Dne Fri, 15 May 2015 09:07:43 -0400
Neil Horman <nhorman at tuxdriver.com> napsal(a):

...
> > I agree completely. However my impression is that "quicker" is actually
> > the point of containers (and "dirtier" is the usual side-effect). I've
> > already mentioned this: "time to market" is the cost function for
> > container application developers. And if we want them to use rpm we need
> > to offer them solution that would not be worse than the competing ones in
> > this regard.
> > 
> 
> Thats an excellent point. I too hear that most people want containers that
> are 'quick' to assemble, because getting a service stood up ASAP is
> financially desireous.  I wonder if, given our proposed use of rpm here, it
> might be worth trying to change the narrative such that containers don't
> have to be quick to assemble if they are instead quick to tailor to your
> needs?  That is to say, if we allow for a container to be built and curated
> in a slow path of development, but provide an interface that allows for
> derivative containers to quickly customize aspects that the parent
> container marks as being customizable, would that be a worthwhile endeavor?

Maybe. It's up to the users... However if producing e.g. a Docker image would
be significantly easier than producing a "container rpm", then I wouldn't bet
on rpm.  And if there are no images to modify, the ease of modification
doesn't matter...

> > There is one more thing that anybody who tried to install a container from
> > distribution packages encountered: the resulting containers were rather
> > huge (314 MB only for httpd in my current test case...). Being able to
> > remove the
> Yup, the test container manifest that I have in freight is an httpd server,
> and it clocks in right at 314MB.
> 
> > unnecessary stuff and still not lose the possibility to use rpm for the
> > content management might actually make the "dirtier" aspect less
> > dangerous.
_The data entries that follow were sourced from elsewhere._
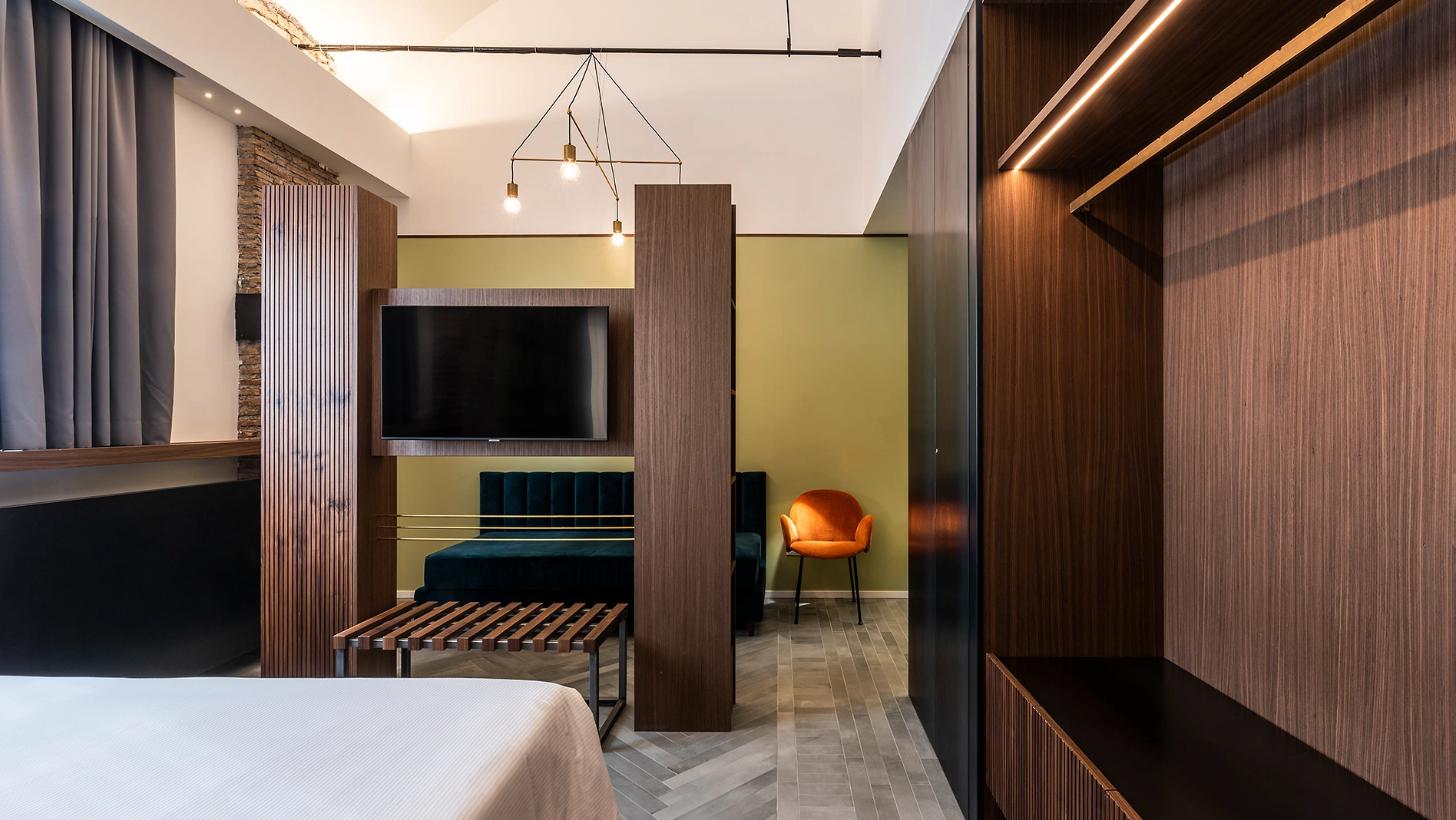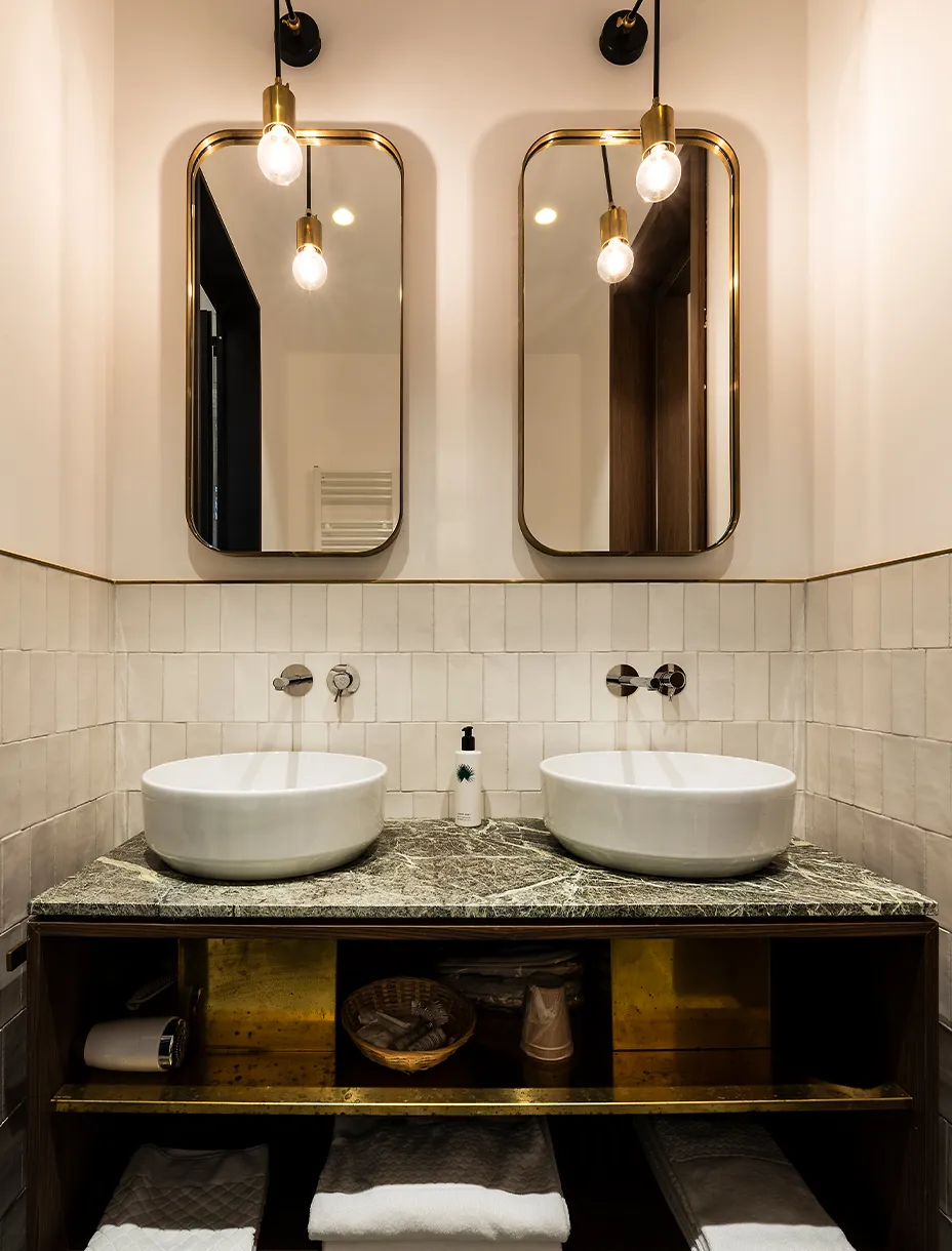 Il progetto, sviluppato in collaborazione con la proprietà e con lo Studio Stabili, si distingue per un’estetica essenziale e raffinata, capace di coniugare rigore e poesia. Linee pulite e dettagli sartoriali riflettono l’anima autentica di Horti 14: un’ospitalità di lusso elegante, radicata nella tradizione ma aperta al contemporaneo.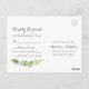 Laissez vos invités RSVP à votre mariage avec nos cartes postales RSVP en feuilles vertes rustiques. Le libellé est entièrement personnalisable - si vous avez besoin de changer la police, la couleur de police, la taille ou le placement des zones de texte, il suffit de cliquer sur le bouton "Cliquez pour customiser plus loin" pour changer ces choses. N'oubliez pas de consulter notre vaste sélection d'articles de coordination en parcourant la collection Rustic Greenery Mariage!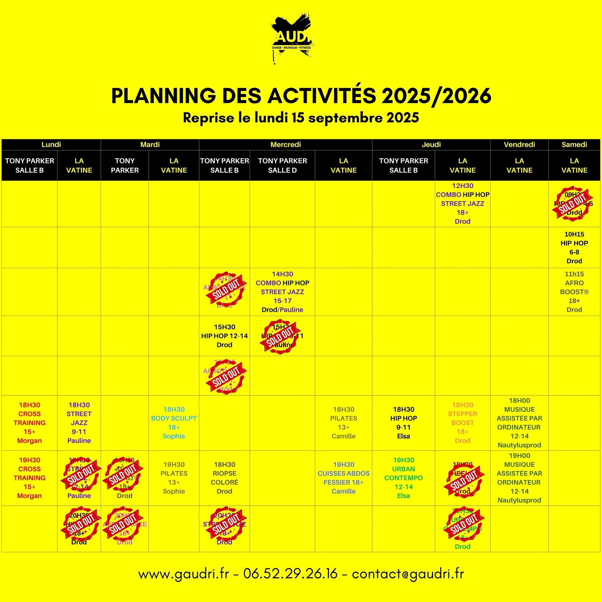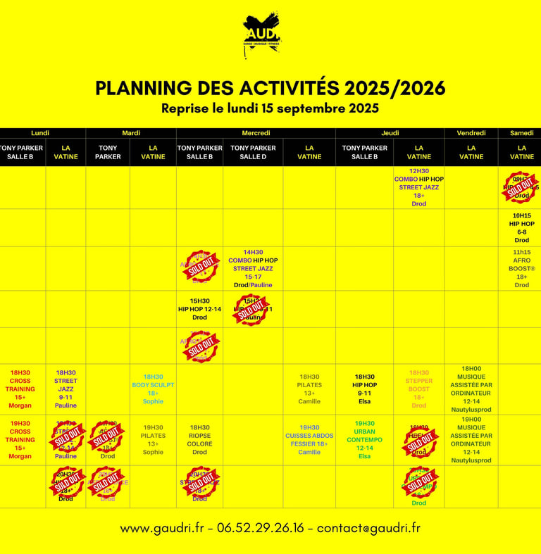 Retrouvez nos plannings pour la saison 2025/2026.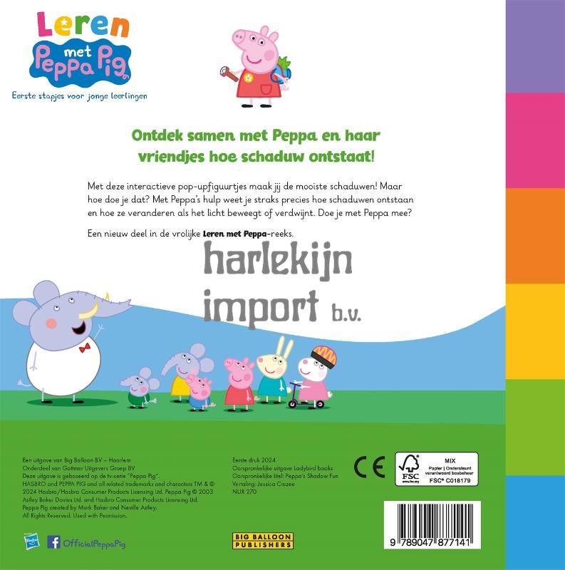 <p>Ontdek samen met Peppa en haar vriendjes hoe schaduw ontstaat in het nieuwe prentenboek 'Peppa's schaduwspelletjes'. Met de interactieve pop-up figuurtjes maak jij de mooiste schaduwen! Met Peppa's hulp weet je straks precies hoe schaduwen ontstaan en hoe ze veranderen als het licht beweegt of verdwijnt. Doe je met Peppa mee? <br><br><br><i>Leren met Peppa Pig</i> is een educatief uitgeefprogramma dat zich richt op jonge kinderen (vanaf 3 jaar). Er verschijnen uitgaven op het gebied van rekenen, schrijven, sociale vaardigheden, emoties en creativiteit. <br>Peppa Pig is het schattige en ondeugende biggetje uit de gelijknamige wereldberoemde en razend populaire animatieserie. Ze woont samen met haar kleine broertje George, Mama Big en Papa Big en houdt van spelletjes spelen, verkleden, dagjes uit en in modderpoelen springen! Peppa's avonturen eindigen altijd goed en met een vrolijke knor. <br><br>Bekijk ook de rest van onze collectie <i>Leren met Peppa Pig: </i>'Peppa's eerste telboek', 'Peppa's patronen en vormen', 'Peppa's kleine kuikentjes'.</p>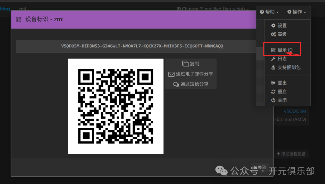 - • 在 服务器 A 的界面上,点击右下角“操作” -> “显示 ID”,复制那一长串 ID。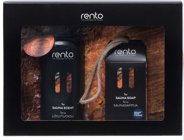 Ontdek de authentieke Finse saunabeleving met de Rento cadeauset Teer saunageur en sauna zeep. De karakteristieke, houtige geur van teer brengt een warme en rustgevende sfeer in de sauna en helpt lichaam en geest volledig te ontspannen. De natuurlijke zeep verzorgt en reinigt de huid op milde wijze, terwijl de saunageur zorgt voor een unieke geurervaring tijdens het opgieten.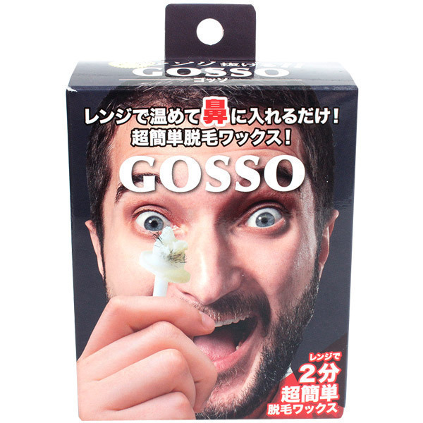 鼻毛処理に新革命!ゴッソリ抜ける最強の鼻用脱毛ワックス「GOSSO(ゴッソ)10回分キット」。●一気に抜ける超簡単な鼻毛脱毛セット●レンジで温めて鼻に入れるだけ●ブラジリアンワックス(50g)●専用スティック20本(両鼻10回分)●耐熱カップ1個・紙カップ5個●取扱い説明書付属。気になる鼻毛と一瞬でオサラバ!美容業界で大注目のブラジリアンワックス脱毛を取り入れた鼻毛処理グッズ。使い方は耐熱カップの中に水を入れ、その上から紙カップを入れてワックスをレンジで温め、スティック先端に溶かしたワックスを適量巻きつけたら鼻にイン!完全に固まったら引き抜くだけという簡単仕様。スティックの約1cm部分にはストッパーが付いているので必要な鼻深部の鼻毛はそのまま残せます。ポイントは躊躇せず一気に引き抜くこと!真下に勢いよく引き抜くことで痛みも最低限に抑えられます。残ったワックスはフタを閉めて保管可能です。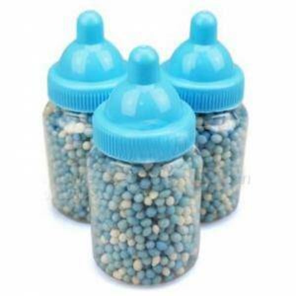 Flesje is blauw met houten beer of houten kinderwagen eraan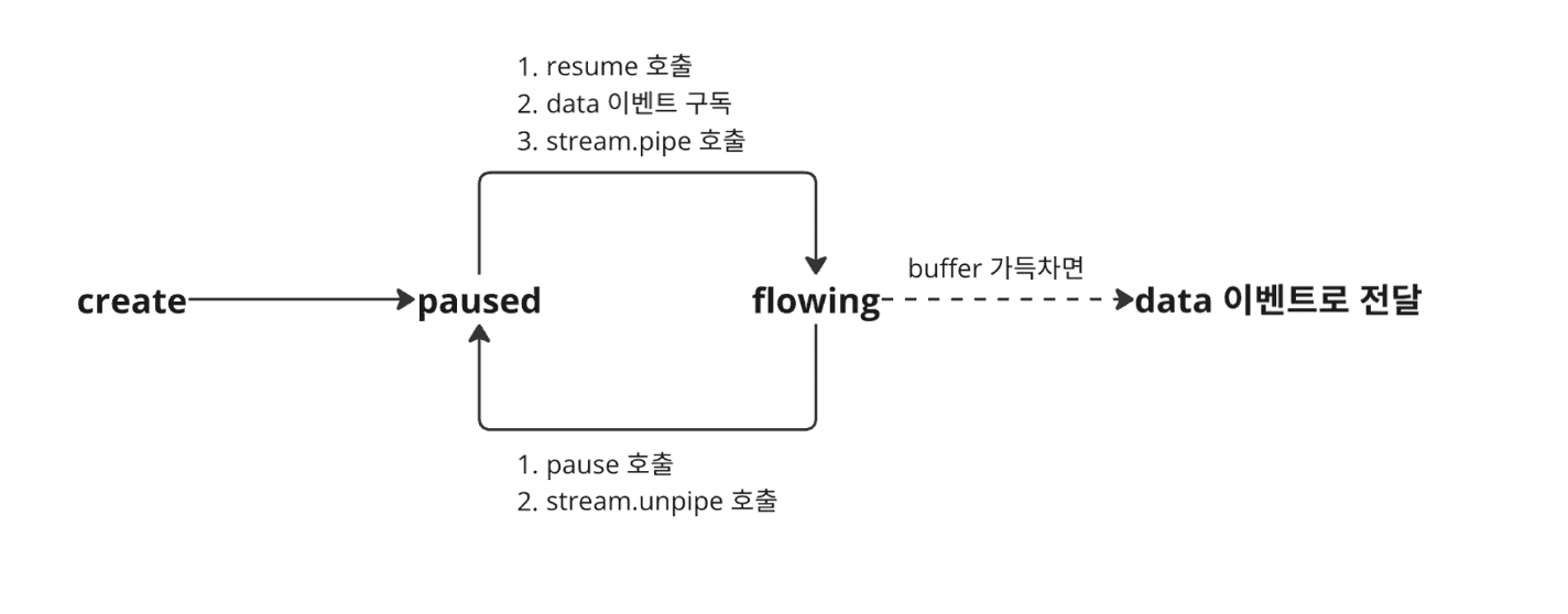 - Flowing 모드: 데이터가 읽혀지고 buffer에 가득 찬 데이터를 ‘data’ 이벤트를 통해 전달합니다.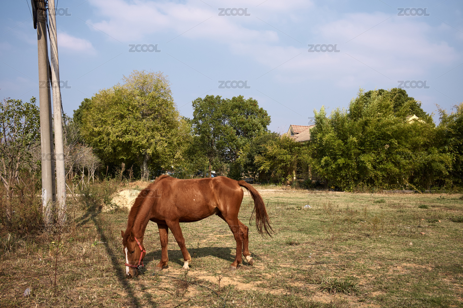 一匹枣红马在秋日午后的阳光下吃草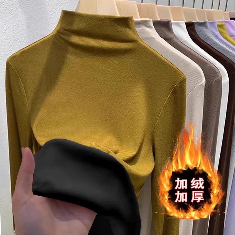 内搭长袖 加绒打底衫 加厚2025新款 显瘦t恤秋冬季 上衣1021h 女修身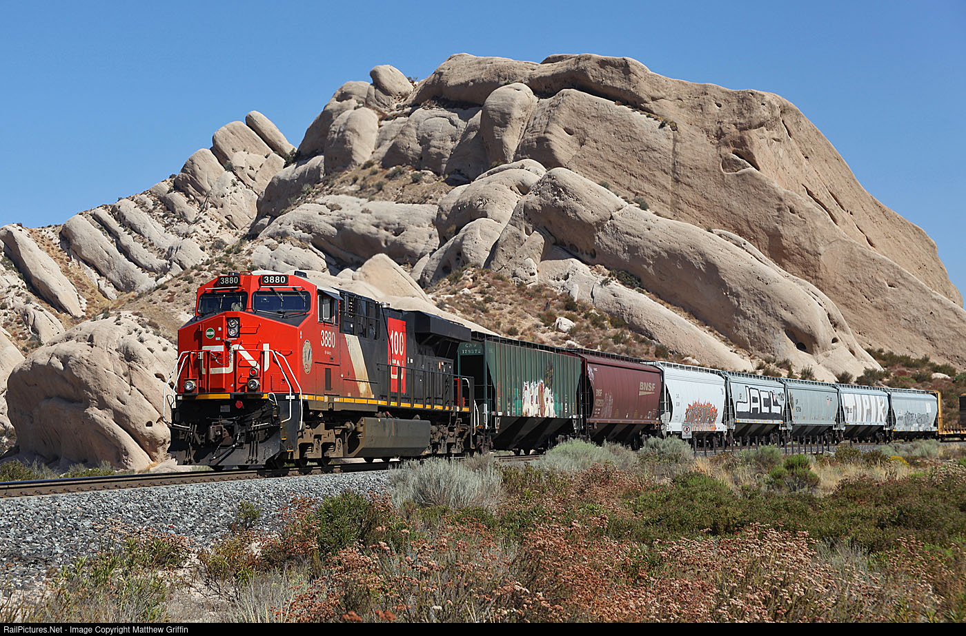 Southern California has been a recent hangout for CN 3880 over that last week. Here it is again on the rear of a NB MWCOG on the Palmdale Cutoff just north of Canyon.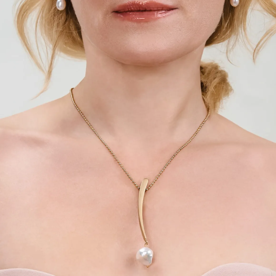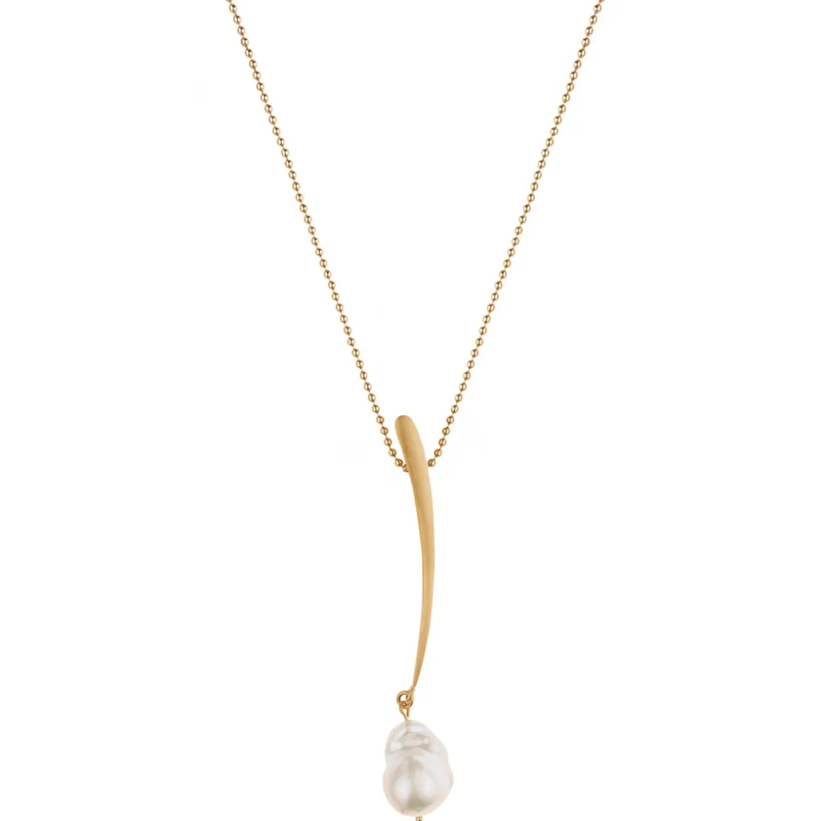 Delikatny naszyjnik został wykonany ręcznie. Kulkowy łańcuszek ozdobiony został oksydowaną zawieszką o miękkim, podłużnym kształcie, do której podwieszono nieregularną perłę słodkowodną. Naszyjnik jest eleganckim dodatkiem, który ozdobi biznesowy dress code. Ale sprawdzi się także w codziennych stylizacjach. W towarzystwie wiszących kolczyków czy bransoletki z onyksami i perłami skradnie wszystkie spojrzenia.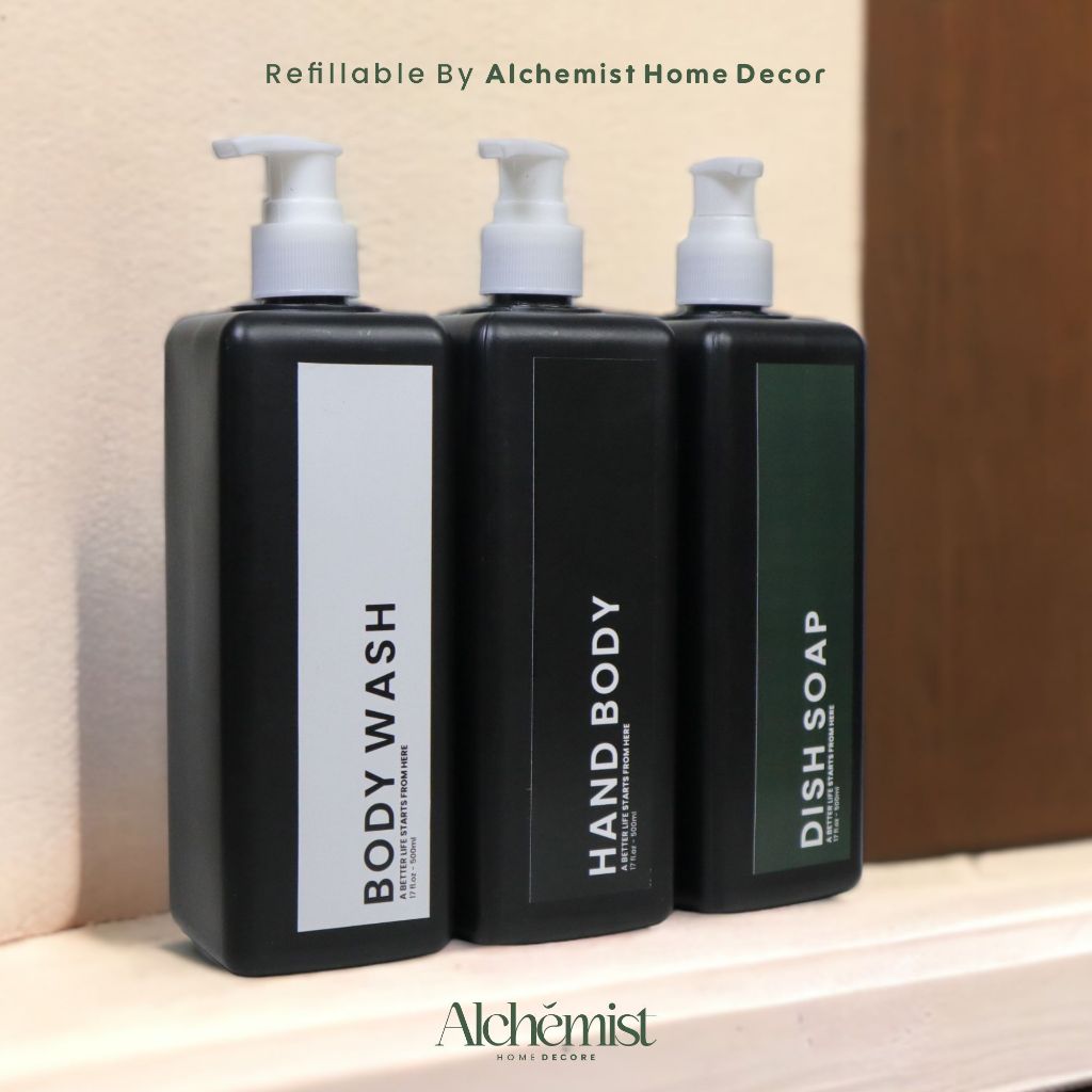 REFIL BOTOL PUMP 500ML WARNA HITAM FREE STICKER KOTAK AESTHETIK FREE STICKER / BOTOL SABUN MANDI ISI ULANG TEMPAT WADAH BODY WASH CONDITIONER HAND LOTION HAND SOAP / REFIL BOTOL PUMP PLASTIK 500ML FREE STICKER

I could be able to find out there is a security update for the
> > bits I ship in my container for example...
> > 
> Hm, do you think it would be worth adding a strip stage to the container
> build, that could let a user specify a list of files to remove from the
> container prior to packaging?  That would certainly be a dirty hack, but it
> would allow for reduction of size that was custom to a users needs, and if
> you did it in the input manifest, the freight-builder tool could easily scan
> the list and warn/fail the operation if you tried to remove 'crtical files'
> like the rpm database, so you would be prevented from removing rpm query
> functionality.

I think the users already do remove some files manually. At least those I
know. So having this ability could be useful.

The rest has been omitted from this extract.